O resultado não correspondeu ao pretendido: no final da intervenção, o artesão entregou ao coleccionador valenciano uma “versão” em que o rosto da Virgem surgia totalmente adulterado. Confrontado com a situação, convenceu o encomendador de que podia reverter os danos, tendo surgido mais tarde com um segundo “restauro”, também ele bastante distante da obra que lhe tinha sido entregue.

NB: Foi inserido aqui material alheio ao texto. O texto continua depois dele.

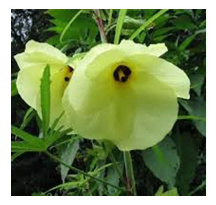
FIGURE 1 A flower of Abelmoschus manihot [Colour figure can be viewed at wileyonlinelibrary.com]
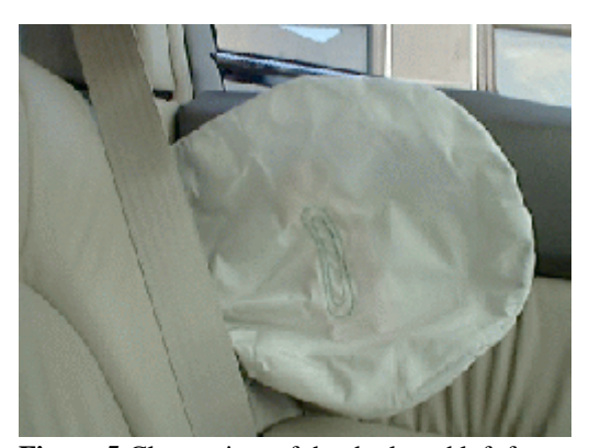
Figure 5 Closer view of the deployed left front side impact air bag

The driver, a 41 year old female who was using the continuous loop manual lap and shoulder restraint belt, suffered a concussion, a fracture of the left clavicle, and contusions of the left side of her body. She was transported via ambulance to a local medical facility where she was treated and released.
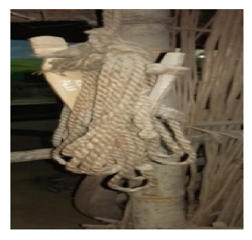
89. Patw durung with thangwn (Jute rope with small bamboo piece with one pointed end for tying cow
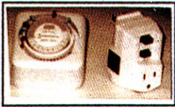
MSB-A System includes Timer, GFI, Handle and Trough Extension Hose!

Mini-Skimmers™ with stainless steel belts have all stainless metal parts (gearmotor excepted). The belt scraper is UHMW bearing-grade polymer to minimize wear. Drive pulley is glass reinforced nylon. Standard units reach -8x, 12x 18x or 24x down from the mounting base. A stabilizer bar for the tail pulley is included - helpful in turbulent tanks! The motor is covered with a stainless sheath-type cover and is provided with a 6 foot cordset. 115/1/60 is standard.
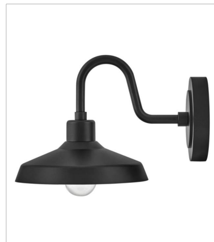
12076BK SMALL WALL MOUNT BARN LIGHT 9.5" W, 9" H Socketed 1-14w Med. LED, 100w Equiv.

A notícia foi avançada esta terça-feira pela agência espanhola Europa Press e replicada pelo El País. O coleccionador, que não foi identificado, confessou que ficou “atónito” quando viu o que tinha acontecido à sua Imaculada do Escorial. “Já perdeu completamente o seu significado e o seu valor”, disse este proprietário de uma colecção familiar que inclui outras pinturas, mas também louças, móveis, espelhos, azulejos, armas e porcelanas. O coleccionador explica ter recorrido a este restaurador de móveis, quando procedeu a algumas mudanças na sua casa, por se tratar de alguém que normalmente lhe prestava serviços e em quem tinha total confiança. “Como restaurador de móveis, é muito bom, mas já o mesmo não se pode dizer dele como restaurador de pintura – são coisas muito diferentes”, notou. 

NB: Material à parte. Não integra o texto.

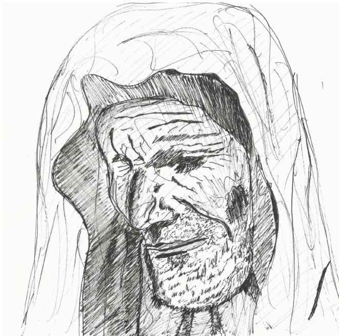
Figure 27. Pen drawing by a senior college student, 2017.

The drawing classes followed a similar structure. The educator walked in, greeted the students, and asked them to pin up all the drawings they had made since their last session. The lessons focused on self-portraits, and students were drawing themselves any way they chose to. They were continuously working in class, and it seemed, as there was a cycle of thinking, making, and then discussing. They were curious about how their classmates were drawing themselves. One student talked about how “drawing yourself is something challenging because it is so personal.” While observing two photography classes, and two drawing classes, what is noticeable is that the art educators were flexible in their teaching approaches. Each class had 12 students, and the educators gave all the students opportunities to share their ideas, thoughts, and to offer their own individual suggestions to their professor about lessons they wish to have in the future.

À Europa Press, o proprietário adiantou ter recorrido a um restaurador profissional na esperança de que, removidas as duas “intervenções”, se consiga chegar ao original: melhor dizendo, à cópia da Virgem de Murillo, já que o verdadeiro original se encontra no Museu do Prado — que o emprestou, no ano passado, para uma exposição no Museu de Belas Artes de Álava, no País Basco. A pintura de Murillo, realizada entre 1660 e 1665, tem 206 por 144 centímetros, enquanto a cópia “valenciana” tem 120x80.

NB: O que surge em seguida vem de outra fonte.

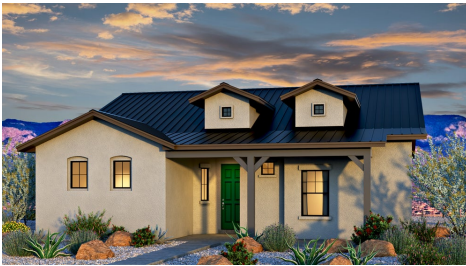
Northern New Mexican Elevation

The layout includes a large kitchen island and a smartly designed work center off the kitchen, optimizing space without sacrificing style. Enjoy outdoor living with a covered patio, with options for expansion to maximize New Mexico's beautiful weather. "The IPA" combines thoughtful design with functional living, ensuring no space is wasted. Experience the perfect blend of comfort and convenience in a home designed for modern living.

O El País contactou a Associação de Conservadores e Restauradores de Espanha (ACRE), que lamentou o caso, sublinhando porém que a situação poderia ter sido evitada se o coleccionador tivesse recorrido a um profissional. A ACRE aproveitou, de resto, a ocasião para reivindicar tanto junto do Governo central como dos das diferentes autonomias regionais legislação específica sobre a protecção do património que passe a salvaguardar os profissionais qualificados para fazer restauros e intervenções.

Foi também esta associação que alertou para a necessidade de evitar transformar a intervenção agora denunciada em mais um caso mediático como o que fez correr rios de tinta no Verão de 2012, quando Cecilia Giménez, uma mulher de 82 anos, decidiu, por sua iniciativa, proceder ao “restauro” naïf de uma pintura representando a cabeça de Cristo, feita na década de 1930 por Elías García Martínez, e que decorava o Santuário da Misericórdia da localidade de Borja, em Saragoça. Na sequência das várias notícias e reportagens que correram o mundo, o “Cristo de Borja”, como ficou conhecido, deu origem a romagens turísticas e campanhas publicitárias, animou redes sociais e reality-shows, e deu até origem a uma ópera, lembra o El País.

No caso de Valência, está apenas em causa património privado, realça a ACRE. “Queremos deixar claro que nenhum profissional com formação académica realizaria este atentado contra o património. Por esta razão, este tipo de ocorrência não pode ser confundido com uma intervenção de conservação-restauro, o que é ofensivo para a nossa profissão e prejudicial para o património, pois adensa a confusão acerca de quem são os profissionais capacitados para exercer com responsabilidade esta actividade”, diz a associação, em comunicado.